Clinton has been in frequent contact with Barak, Arafat and Syria's Bashar Assad. He has tried to persuade Egypt's President Hosni Mubarak to convene a summit at Sharm el Sheikh next week, pledging to attend himself. A US official said the summit's purpose would be “to look for something that would stop a chain reaction like August 1914 when the European powers ran pell-mell into World War I”.

Only massive diplomatic pressure exerted by the US, aided by UN Secretary General Kofi Annan, Javier Solana of the European Union and Russian Foreign Minister Igor Ivanov, persuaded Barak to step back from the brink and extend for “three or four days” a 24-hour deadline for Arafat to end the Palestinian uprising.

But conflict continued yesterday and the prospects of a more permanent end to hostilities remain bleak. A clearly despairing Arafat said that the new deadline was just “threats, threats, threats”.

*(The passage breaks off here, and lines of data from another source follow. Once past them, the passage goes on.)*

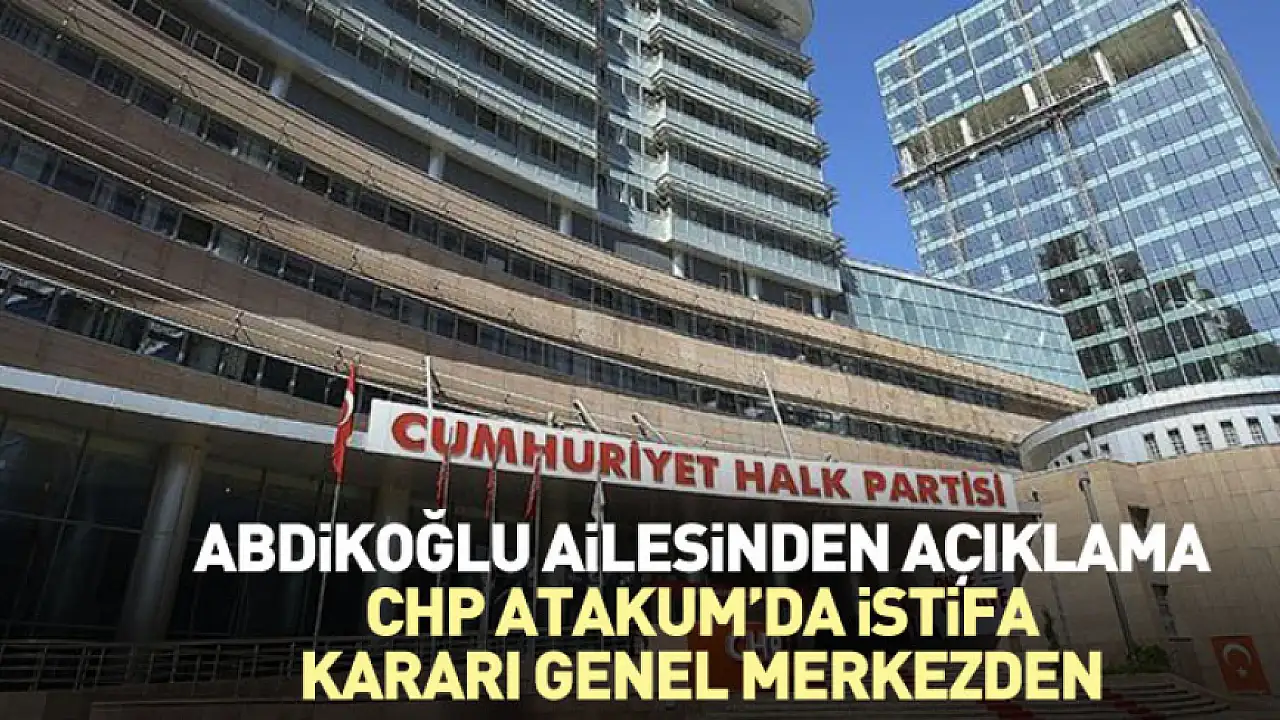 Samsun'da CHP Atakum İlçe Başkanlığı görevinden istifa kararı alındığı bildirildi. Abdikoğlu ailesinin yaptığı açıklamaya göre, istifa kararının CHP Genel Merkezi tarafından alındığı vurgulandı.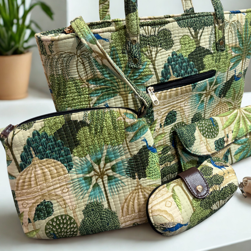 Upgrade your style with the Gulabi Thappa 4-in-1 Handbag Set, a beautifully handcrafted collection that blends tradition-inspired prints with modern functionality. Designed for women who want one set for every occasion, this combo is versatile, durable, and a true style statement.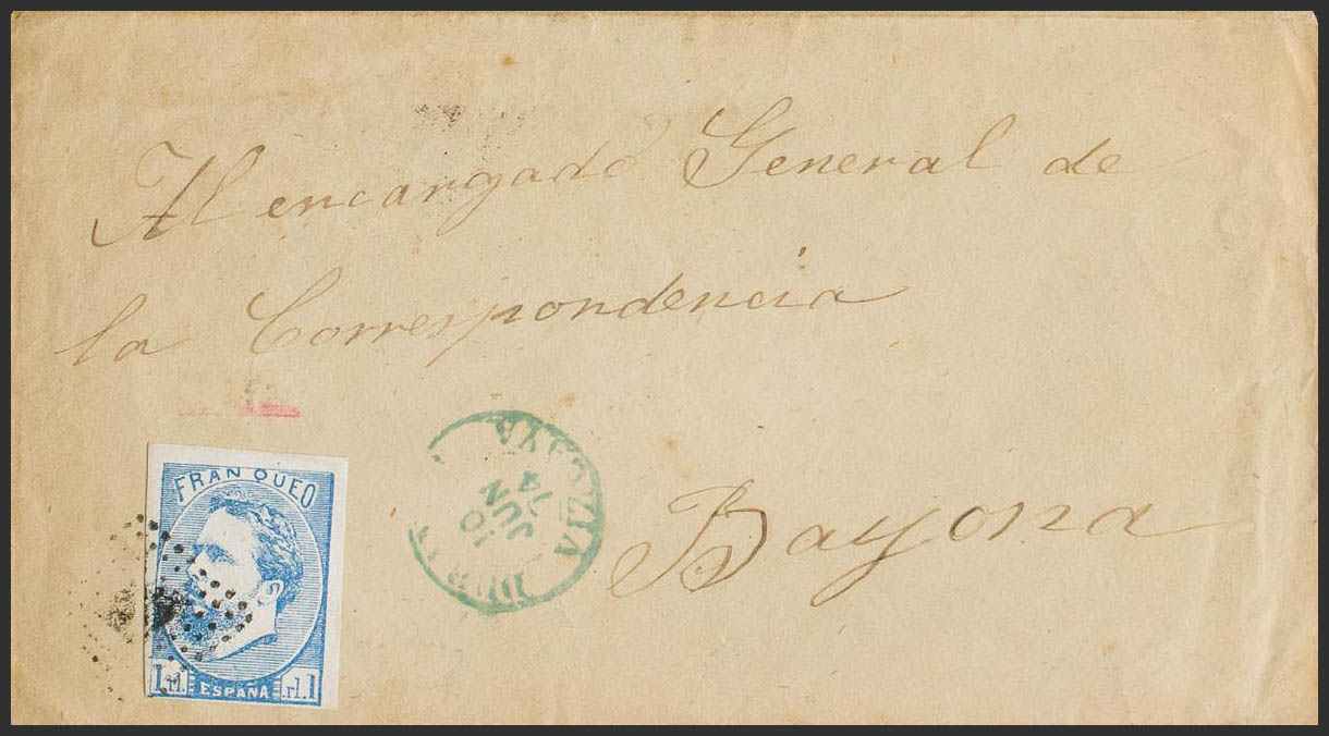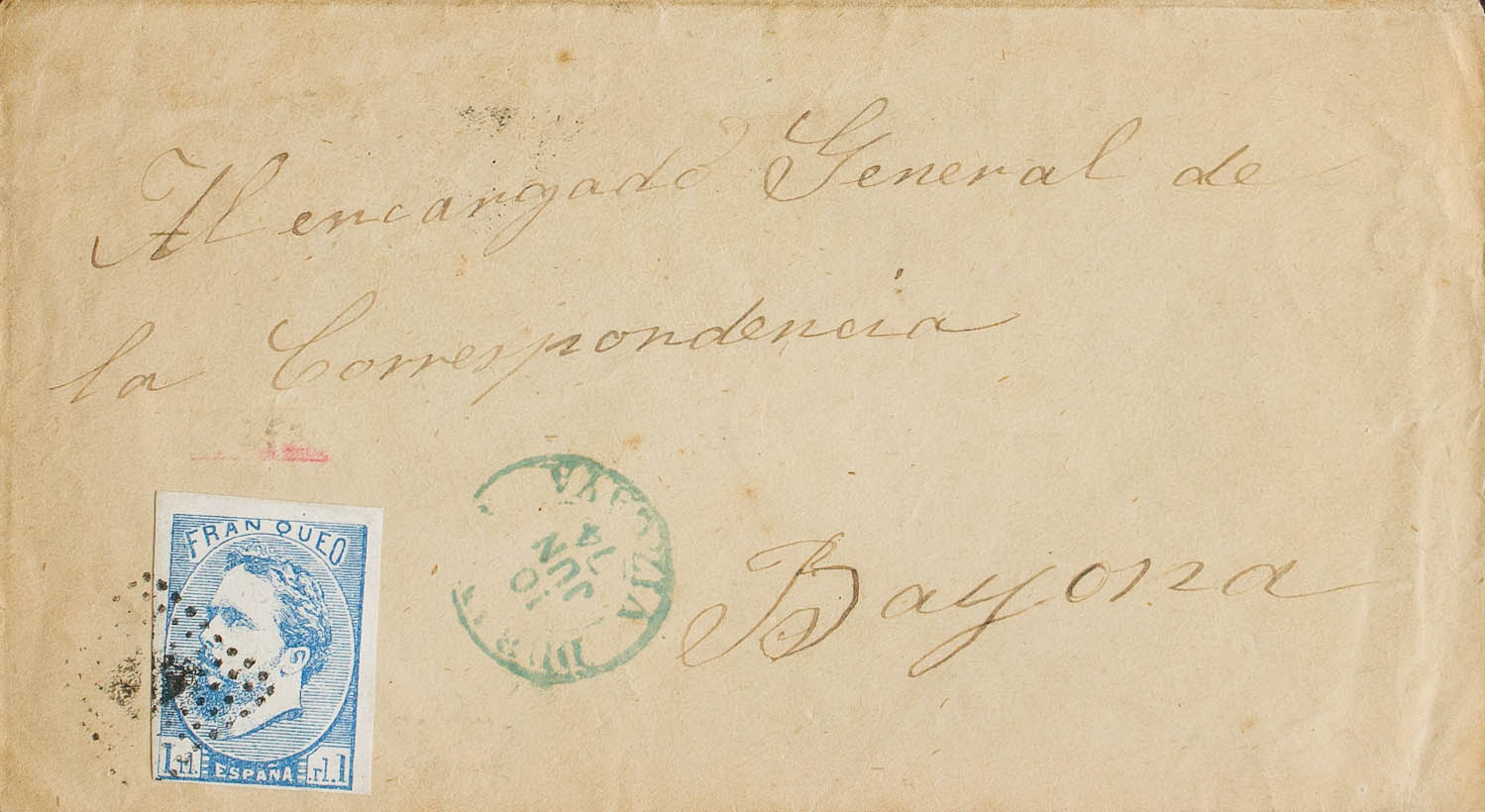 156. 1874. 1 real blue. DURANGO to BAYONNE (FRANCE). MAGNIFICENT AND RARE. Certificate CEM. Edifil 2016: 1,885 Euros

Arafat's strategy in ruins

All efforts to impose a settlement from above, by diplomatic efforts shaped by the interests of the imperialist powers and the region's ruling elites, have proved incapable of bringing peace and stability to the Middle East. To prevent renewed slaughter and create a viable basis for harmonious social and political development requires the unification of Arab and Jewish workers in a common struggle for the building of a socialist society throughout the Middle East. In opposition to such a perspective, Arafat and the PLO hold out the possibility of securing a Palestinian homeland through an agreement with the imperialist powers and Israel, a perspective that now lies in ruins.

Barak's claim that Arafat is responsible for the violence is not only false, but conceals the extent to which the PLO leader is faced with a political rebellion against his efforts at accommodation with the Zionist regime. The extent of the hostility and resistance that met Israeli repression lies in the failure of the agreement, first laid down in Oslo in 1993, to address the needs and aspirations of the Palestinian masses. The protests are giving vent to the accumulated social discontent produced by the unimaginable economic hardship and suppression of democratic rights that is the daily lot of workers and peasants within the Palestinian Authority (PA).

Unemployment is over 50 percent and what jobs exist pay a minimal wage. Housing, sanitation, health care and even water supplies are primitive and scarce, while neighbouring Israeli settlers live in relative comfort behind heavily fortified borders.

Arafat and his ruling clique are politically isolated, to the extent that even the youth section of his own Fatah organisation has issued unauthorised leaflets calling for a popular war against Israel. Responding to Barak's demands for Arafat to bring the uprising to an end, PA spokeswoman Hanan Ashrawi bluntly admitted, “Arafat cannot give orders to a people, a whole nation, that is being killed every day, that is being asked to lie back and die quietly and not defend themselves”.

The rightist forces within Israel may have achieved their objective of derailing the possibility of a negotiated settlement with the Palestinians in the short term, but only at a cost of radicalising the Arab masses throughout the Middle East. In the process they have endangered the political survival not just of Arafat, but all the Arab bourgeois regimes on which imperialism has relied to police mounting social and political tensions.